Task requirements: In the listing below, locate the line with "is almost Invisible" and the line with "- Un tapis de", then output both and everything between them exactly, minus any pictures.

Dataset entries:
-------------------------

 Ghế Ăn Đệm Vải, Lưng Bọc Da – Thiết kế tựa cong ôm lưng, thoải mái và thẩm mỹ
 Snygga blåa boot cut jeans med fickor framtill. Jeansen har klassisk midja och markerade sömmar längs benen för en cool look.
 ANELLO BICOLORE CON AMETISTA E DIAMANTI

-------------------------

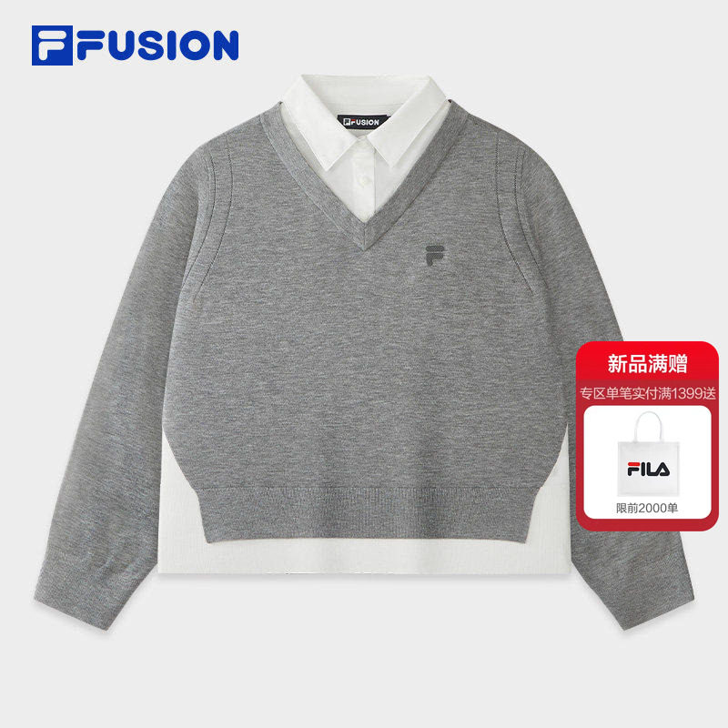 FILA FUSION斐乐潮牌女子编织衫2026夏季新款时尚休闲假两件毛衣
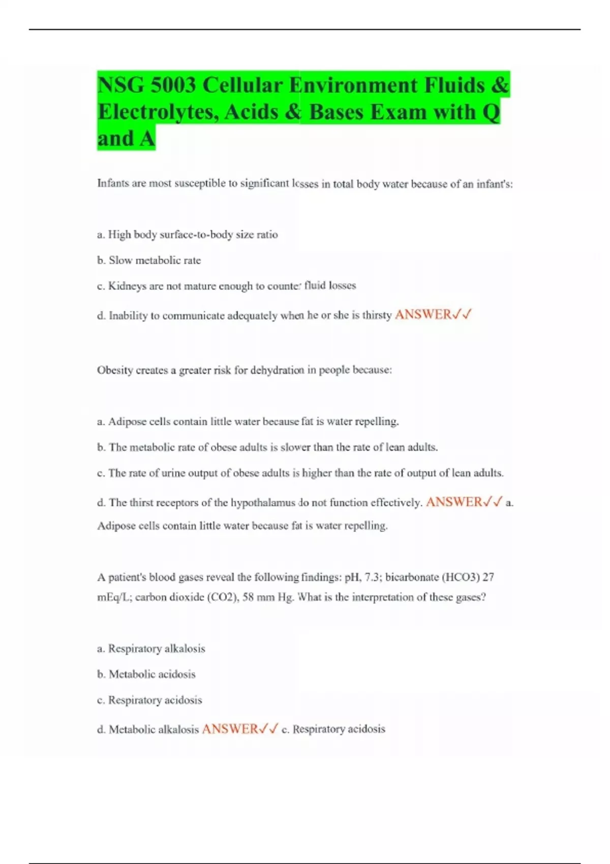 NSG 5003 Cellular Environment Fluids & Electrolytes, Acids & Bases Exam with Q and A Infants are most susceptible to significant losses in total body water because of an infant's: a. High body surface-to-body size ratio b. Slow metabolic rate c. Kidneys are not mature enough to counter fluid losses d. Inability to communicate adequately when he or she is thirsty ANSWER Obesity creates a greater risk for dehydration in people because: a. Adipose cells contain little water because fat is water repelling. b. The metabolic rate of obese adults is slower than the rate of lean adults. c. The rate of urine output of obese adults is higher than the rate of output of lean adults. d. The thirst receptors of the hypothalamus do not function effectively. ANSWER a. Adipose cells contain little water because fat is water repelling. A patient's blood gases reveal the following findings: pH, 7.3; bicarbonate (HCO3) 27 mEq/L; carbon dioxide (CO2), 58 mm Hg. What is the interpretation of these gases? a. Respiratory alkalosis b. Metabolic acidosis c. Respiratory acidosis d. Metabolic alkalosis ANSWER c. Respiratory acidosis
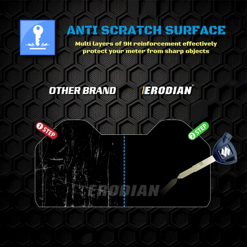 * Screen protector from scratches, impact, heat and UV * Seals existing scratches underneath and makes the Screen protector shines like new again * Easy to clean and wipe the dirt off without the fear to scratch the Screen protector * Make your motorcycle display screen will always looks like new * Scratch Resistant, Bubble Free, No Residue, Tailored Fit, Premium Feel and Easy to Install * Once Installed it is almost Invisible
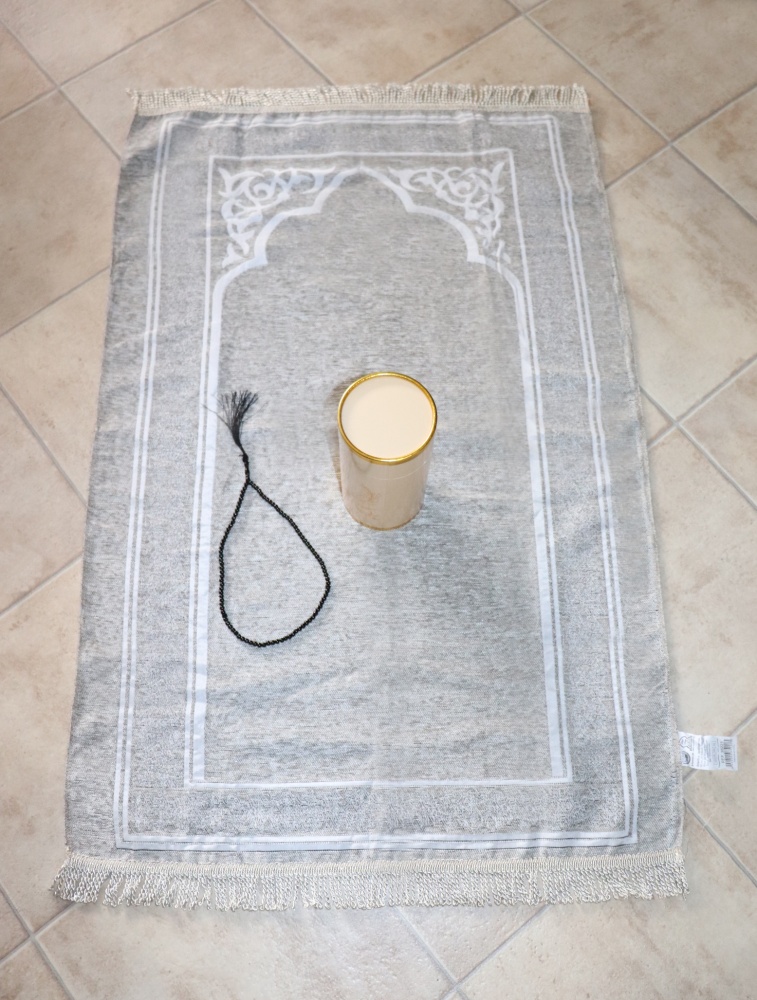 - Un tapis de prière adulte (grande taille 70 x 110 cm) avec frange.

-------------------------

Task response:
 * Screen protector from scratches, impact, heat and UV * Seals existing scratches underneath and makes the Screen protector shines like new again * Easy to clean and wipe the dirt off without the fear to scratch the Screen protector * Make your motorcycle display screen will always looks like new * Scratch Resistant, Bubble Free, No Residue, Tailored Fit, Premium Feel and Easy to Install * Once Installed it is almost Invisible
 - Un tapis de prière adulte (grande taille 70 x 110 cm) avec frange.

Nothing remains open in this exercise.